The Symphony No. 4 by Peter Maxwell Davies was commissioned for the Scottish Chamber Orchestra by Christian Salvesen plc and composed in 1989. It is dedicated to the memory of the violinist John Tunnell, who had been leader of the orchestra, and was premiered at the Royal Albert Hall on a BBC Promenade Concert on 10 September 1989, with the composer conducting the Scottish Chamber Orchestra.

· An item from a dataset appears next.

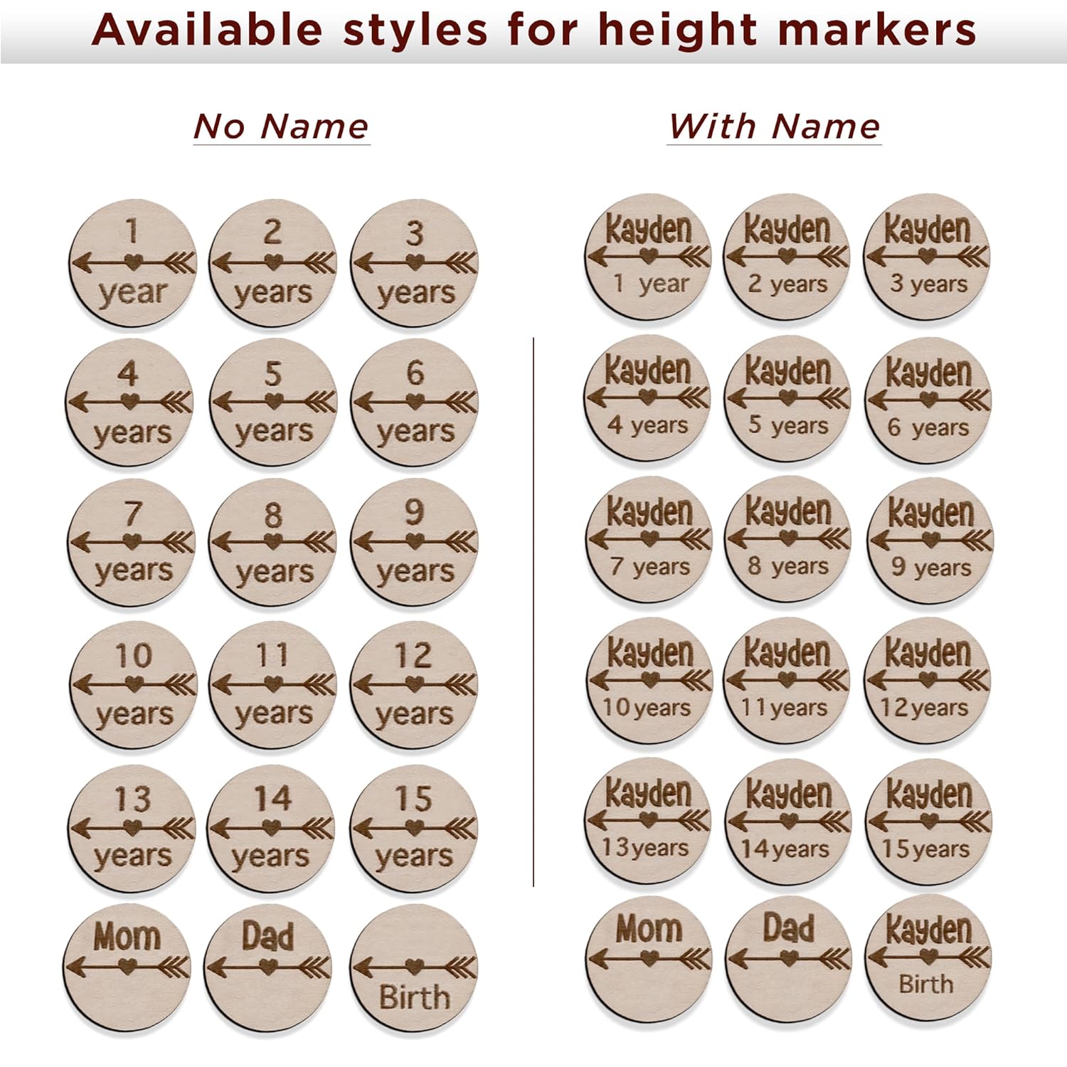 - Set included: one marker for mom, one for dad and 16 personalized(from birth to 15 years) with child's nameEasy to hang on a ruler: comes with double-sided stickers

==Character and materials==
The Fourth Symphony differs from its predecessors in several respects, but particularly for combining the conventional four movements into a single unit, similar to Arnold Schoenberg's Chamber Symphony No. 1, Op. 9, only on a larger scale. On the other hand, like Davies's earlier symphonies, the symphony stems from a mixture of a plainchant source on the one hand, and a moment in the composer's personal experience on the other. The plainchant "Adorna thalamum tuum, Sion", for a Feast of the Purification of the Virgin Mary (a processional chant with candles) is transformed by the composer into different but related sets of seven, nine, and ten notes, which are used as the basic pitch materials of the symphony. Such transformational treatment of plainchant melodies has been a characteristic of Davies's music since the 1957 sextet Alma Redemptoris Mater The second source was the haunting sight of a golden eagle taking flight at sunrise, which the composer did not attempt to portray literally.

==Instrumentation==
The symphony is scored for a scaled-down orchestra of two flutes (2nd doubling piccolo and alto flute), two oboes (2nd doubling cor anglais), two clarinets (2nd doubling bass clarinet), two bassoons (2nd doubling double bassoon), two horns, two trumpets, timpani, and strings. These forces reflect Davies's exploration at that time especially of the symphonies of Haydn and Mozart, in his capacity as associate conductor of the Scottish Chamber Orchestra.

==Analysis==
The symphony is in four movements, though they are played without break:

The symphony begins with a sort of "ghost sonata" with a disguised recapitulation. A short Adagio transition at the end seems to be preparing for a following slow movement, a forecast contradicted by the actual nature of the second movement—a musical trompe-l'oeil or "contradictory anticipation". It is the first of a series of "one-sided parentheses" refracting the structure toward a series of three short, concentrated statements at the very end of the symphony.
The second movement unexpectedly proves to be a scherzo instead of the slow movement forecast by the transition from the end of the first movement. However, the Adagio third movement occurs instead of the expected central trio, and the scherzo "forgets to come back", being replaced by the finale.